I see myself in stiff clothes,
swinging an axe against the wall
of woods around me, wanting it gone,
wanting to be back at the river
by a dwindling fire, not pulling myself
through heath-hells and gullies choked with roots.
With the logic of the lost, we grope
the way we came, hand by hand,
the hardest way, the only way
toward what we think we know.
​
-Published in Coraddi
FANTASIA AFTERTHOUGHT
Tottering on a balding hassock,
thick pencil for baton in hand, my son conducts
Dukas and Disney--the Sorcerer's Apprentice.
His pajama sleeves loose
as blue pillowcases,
he steers Mickey toward the wizard's glowing
moon-starred hat and helps him
spark a broom to chores.
But the mouse drowses off, and soon dreams
he is commanding stars and seas: streaking comets,
oceans crashing at his cue. My son flails and rocks
through this cosmic whimsy,
embellishing the tale
with full-mouth fortes and heart-jolting leaps
above the hassock, shrill
warnings pitched for naught.
Meanwhile, the broom, hexed with the single-
mindedness of a child, fetches pail after pail
to the overfilled cistern. Swept from dreams to sense,
Mickey whirlpools toward his
rashest blunder--raising
an axe to his helper. The splinters, like small
lies, come back with their own
lives: keen, insistent.
My son conducts hugely, happily
lost in the myth of pure control, oblivious
to those dreams he will prod to life and abandon,
to orders and endings
impossible to charm,
to gray wizards waiting to dash his work
to droplets and broom him
through the splintered air.
​
-Published in Chiaroscuro
'OH! BLESSED RAGE FOR ORDER'
I never saw my father shop for anything
except grass seed and groceries, maybe
a wrench or a box of nails. Still,
in the middle of washing a load of socks,
my mother would answer the door
and there would be a workman
with a washing machine strapped to a dolly.

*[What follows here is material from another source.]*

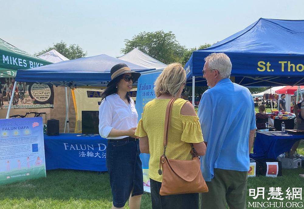 Proteklog vikenda, kad su SAD proslavljale Dan nezavisnosti, Falun Dafa praktikanti iz Chicaga su učestvovali na proslavi u Palatinu, gradu sjeverozapadno od Chicaga. Oni su lokalnom stanovništvu predstavili Falun Dafa i govorili im o aktuelnom progonu ove duhovne discipline u Kini.

She had learned not to say "There must be
some mistake," for there was never any mistake,
only socks dripping like clumps of wet bark
in a hastily-cleared sink. At supper
she would say into her peas, "The washer
was fine, dear." But he had heard
something in the grind of its gears
and bearings that argued past her.
He was the same with dying.
I always thought he'd pass away while sleeping,
but he could not sue the time, and it troubled him.

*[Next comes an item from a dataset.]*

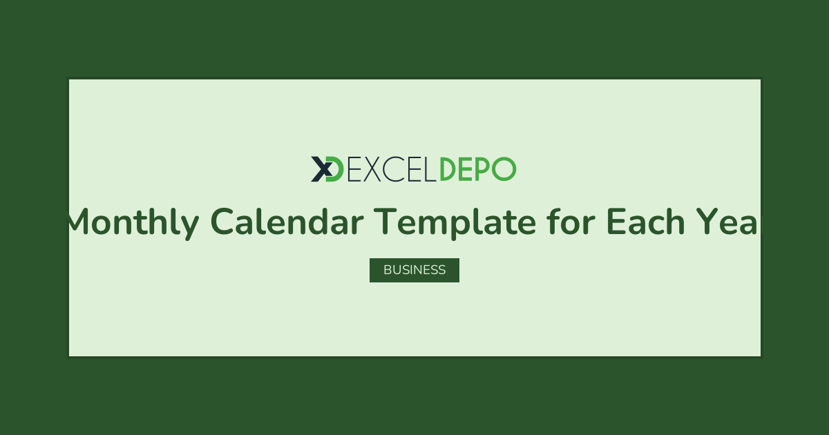 Excel Professional Monthly Calendar Template for Each Year

Still, a month was all he spent on dying.
Time for whispered conversations with his wife,
friends' visits, blessings to his sons.
"No machines," he said, and later,
"No more food." We sat with him and waited.
He died with the preacher in the room.
We found a note in his tidy bureau
addressed to her. What to do
with all the bank accounts, how to
divest the stocks, when the car should go
for service, the kind of seed and lime
to buy for spring.
​
First Prize Winner, GSU Review, 1999 Writing Contest (Georgia State)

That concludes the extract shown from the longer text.